Whether you’re a software engineer aspiring to enter the world of deep learning, a veteran data scientist, or a hobbyist with a simple dream of making the next viral AI app, you might have wondered where to begin. This step-by-step guide teaches you how to build practical deep learning applications for the cloud, mobile, browsers, and edge devices using a hands-on approach. Relying on years of industry experience transforming deep learning research into award-winning applications, Anirudh Koul, Siddha Ganju, and Meher Kasam guide you through the process of converting an idea into something that people in the real world can use.
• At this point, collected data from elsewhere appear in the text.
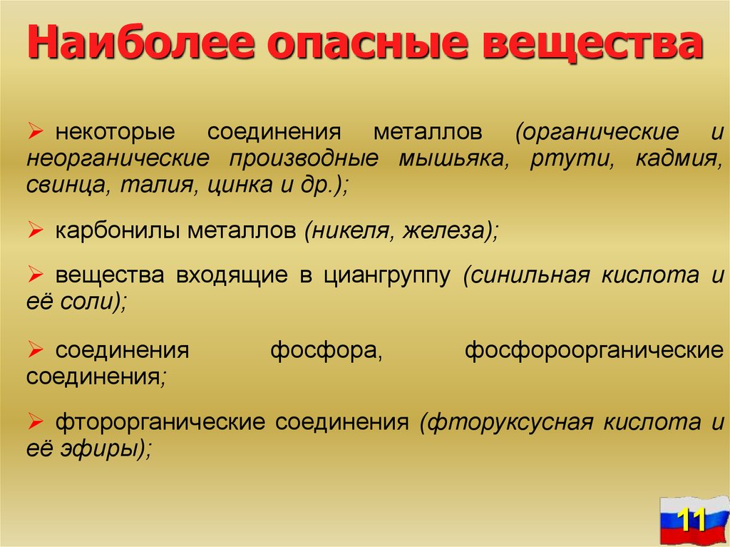 Наиболее опасные веществанекоторые соединения металлов (органические и
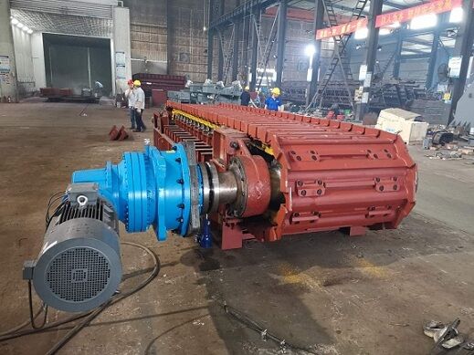 3) 垃圾成分的復(fù)雜性,易抱團,不易分散,從受料斗中拉出時 ,板式給料機上料層較厚,易間斷性成堆地掉入下道設(shè)備,給下道設(shè)備帶來新的難題。 為了保證從料斗中拉出的垃圾能均勻地送入下道設(shè)備 ,在板式給料機頭部卸料位置設(shè)有一均勻撥料滾筒,其左右、 上下位置均可調(diào)整,以保證能均勻布料。
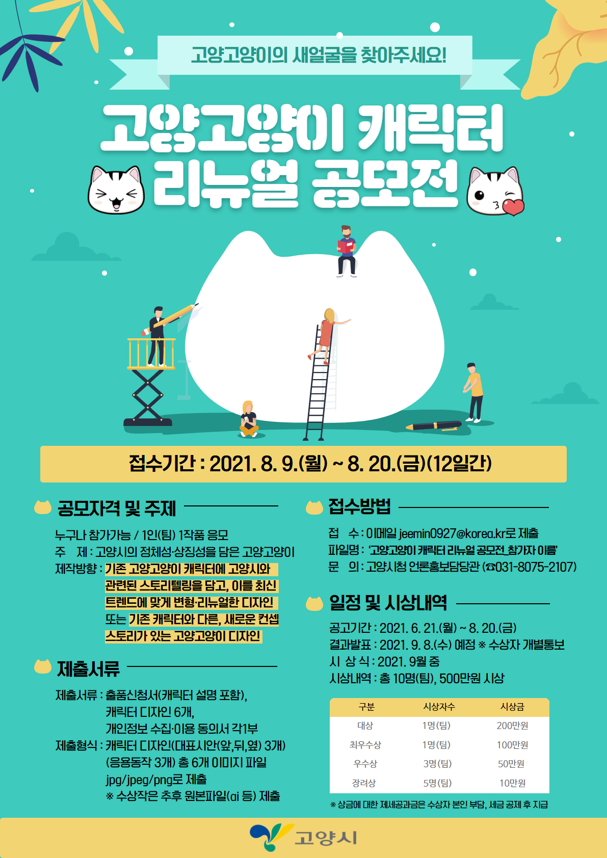 고양고양이 캐릭터 리뉴얼 공모전■ 접수기간 : 2021. 8. 9.(월) ~ 8. 20.(금)(12일간)■ 접수방법 : 이메일 접수([email protected])※ 코로나19 상황에 따른 비대면 접수 실시※ 제출파일은 ‘고양고양이 캐릭터 리뉴얼 공모전_참가자이름…

Train, tune, and deploy computer vision models with Keras, TensorFlow, Core ML, and TensorFlow Lite Develop AI for a range of devices including Raspberry Pi, Jetson Nano, and Google Coral Explore fun projects, from Silicon Valley’s Not Hotdog app to 40+ industry case studies Simulate an autonomous car in a video game environment and build a miniature version with reinforcement learning Use transfer learning to train models in minutes Discover 50+ practical tips for maximizing model accuracy and speed, debugging, and scaling to millions of users
Practical Deep Learning
DOWNLOAD
Author : Ronald T. Kneusel
language : en
Publisher: No Starch Press
Release Date : 2021-02-23
Practical Deep Learning written by Ronald T. Kneusel and has been published by No Starch Press this book supported file pdf, txt, epub, kindle and other format this book has been release on 2021-02-23 with Computers categories.
Practical Deep Learning teaches total beginners how to build the datasets and models needed to train neural networks for your own DL projects. If you’ve been curious about artificial intelligence and machine learning but didn’t know where to start, this is the book you’ve been waiting for. Focusing on the subfield of machine learning known as deep learning, it explains core concepts and gives you the foundation you need to start building your own models. Rather than simply outlining recipes for using existing toolkits, Practical Deep Learning teaches you the why of deep learning and will inspire you to explore further. All you need is basic familiarity with computer programming and high school math—the book will cover the rest. After an introduction to Python, you’ll move through key topics like how to build a good training dataset, work with the scikit-learn and Keras libraries, and evaluate your models’ performance. You’ll also learn: How to use classic machine learning models like k-Nearest Neighbors, Random Forests, and Support Vector Machines How neural networks work and how they’re trained How to use convolutional neural networks How to develop a successful deep learning model from scratch You’ll conduct experiments along the way, building to a final case study that incorporates everything you’ve learned. The perfect introduction to this dynamic, ever-expanding field, Practical Deep Learning will give you the skills and confidence to dive into your own machine learning projects.